Fair Courts Litigation Task Force

Public Financing of Judicial Elections

In some respects, the issues regarding public financing of judicial elections mirror those in public financing of non-judicial elections.  But unlike in challenges to non-judicial election regulations, where preventing political corruption often rests alone in the balance against plaintiffs' First Amendment rights, in the judicial context, the First Amendment rights of those challenging election rules are also counterbalanced by the fundamental constitutional due process rights of litigants to a fair trial before a tribunal that is impartial in both fact and appearance.  That interest is threatened when a judicial candidate receives significant campaign support from individuals or corporations with interests in pending or future litigation.  Recent judicial public funding litigation has centered on the constitutionality of matching fund public financing programs.
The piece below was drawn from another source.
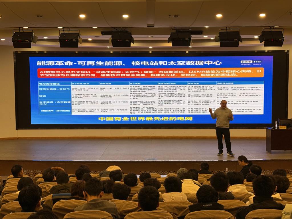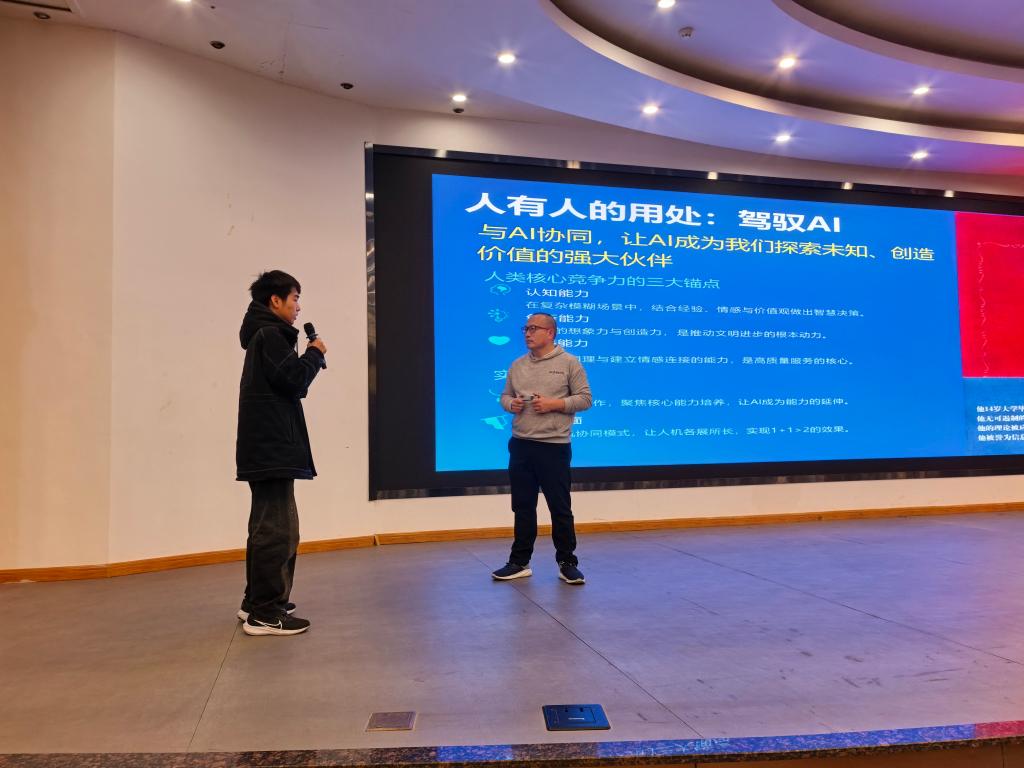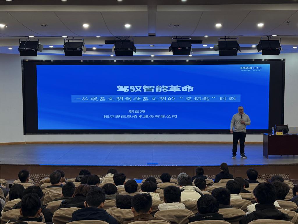 讲座中,熊岩海以大数据智能与应用为核心,系统解读其核心逻辑与发展脉络,结合大数据技术的演进历程、数据资产的价值挖掘与数据要素的核心作用,生动展现了数据要素时代大数据的多元应用场景、面临的现实挑战与未来发展趋势,让同学们对大数据领域的发展现状有了全面认知。在案例分享环节,他重点剖析了拓尔思在FDE组织建设等领域的实践成果,详细阐述了人工智能技术如何助力企业实现效率提升、风险管控与创新突破,充分体现了AI技术在产业落地应用中的实际价值与实践成效,深化了同学们对技术落地的理解。

In North Carolina Right To Life Committee Fund For Independent Political Expenditures v. Leake, 524 F.3d 427 (4th Cir. 2008), the Fourth Circuit upheld North Carolina's judicial public financing law that included a provision that provided additional public funds to a candidate based on the spending of privately financed candidates and independent groups.  The court recognized that the provision served the state's important interest in operating judicial elections while avoiding corruption and the appearance thereof.
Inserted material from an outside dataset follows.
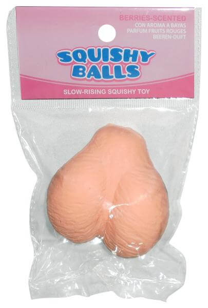 Squishy Balls Toy from Kheper Games. Slow rising 2.75 inches tall, berries scented squishy toy for adults. Made of slow rising PU material. Great fun as a party favor, stress relief, or humorous gift. Packaged in a durable and squeezable polybag.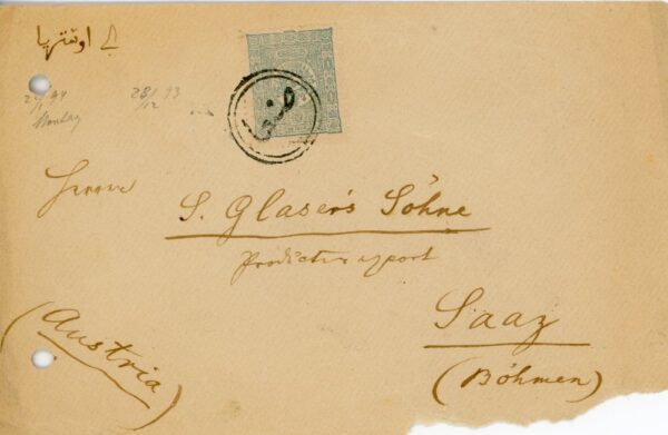 Ottoman Yemen: 1894 (January). Cover to Saaz, Austria franked with 1pi of 1892 coat of arms stamp for one piaster foreign letter rate tied by double circle SAN’A (vilayet Yemen, A&P type 1, YAR #48, R) hand stamp. Reverse 5 January Aden transit and 21 January arrival cds’s. Couple of filing holes but still scarce.

In Wisconsin Right to Life PAC v. Brennan, No. 3:09-cv-00764, Document 110 (W.D. Wis. March 31, 2011), a federal district court affirmed the constitutionality of Wisconsin's matching funds program.  The judge emphasized that the law covered only elections for seats to Wisconsin's highest court, and explained that the state's "interest in safeguarding even an appearance of bias is stronger than any of the public financing statutes considered by courts to date."  This is because, unlike the "political" branches of government, judges are not representative officials, but rather must "be, and appear to be, impartial and independent in applying the rule of law."  More information on the case is available at the Brennan Center and Justice at Stake websites.  Both groups, along with task force member Campaign Legal Center, submitted amicus briefs on appeal before the 7th Circuit.  The appeal was subsequently dismissed as moot after Wisconsin repealed the provision at issue.

Subsequently in 2011, the Supreme Court decided Arizona Free Enterprise Club's Freedom Club PAC v. Bennett, 131 S. Ct. 2806.  In a 5-4 decision, the Court struck down an Arizona public financing statute featuring a matching funds provision similar to those in North Carolina and Wisconsin, although the Arizona statute applied to executive and legislative elections only.  The Court's majority concluded that these "trigger" funds substantially burdened free speech, that the state lacked any compelling interest in equalizing election funding, and that the state's interest in fighting corruption did not justify the burden on free speech.  The Court did not address judicial elections, nor indicate whether the same analysis would apply in assessing the constitutionality of matching fund systems for judicial candidates.  In this action, the Brennan Center represented defendant-intervenor Clean Elections Institute, and Justice at Stake submitted an an amicus brief on behalf of 13 former state supreme court justices.  More information regarding this case is available at the Brennan Center and Justice at Stake sites.

In American Tradition Partnership, Inc. v. Bullock (2012), the Supreme Court voted 5-4 to strike down a Montana law that banned indirect corporate expenditures on all state elections, including judicial elections. The decision summarily reversed a Montana Supreme Court ruling.  In this case, the Brennan Center submitted an amicus brief along with constitutional and election law professors, and Justice at Stake joined eight retired Montana Supreme Court justices in filing an amicus brief arguing that the Montana law was constitutional.  More information regarding this case is available at the Brennan Center site.

In Loughry v. Tennant et al., the West Virginia Supreme Court recognized that judicial elections are different from executive and legislative elections, and concluded that there are unique and compelling state interests in "protecting the impartiality and integrity of the judiciary, and strengthening public confidence in the judiciary."  However, the Court found that the state's matching funds provision was not narrowly tailored to further this interest, and was constitutionally impermissible in light of Arizona Free Enterprise Club v. Bennett.  The Brennan Center represented current Justice Loughry in the parallel state and federal proceedings.

In North Carolina Right to Life Political Action Committee v. Leake, No. 5:11-cv-472-FL, the federal district court for the Eastern District of North Carolina similarly struck down North Carolina's judicial election matching funds provision, finding that the Supreme Court's decision in Arizona Free Enterprise Club v. Bennett controlled the case.  Notably, in this litigation, the state did not argue that the statute furthered a compelling state interest, only that the issue was moot because the state did not intend to disburse any matching funds.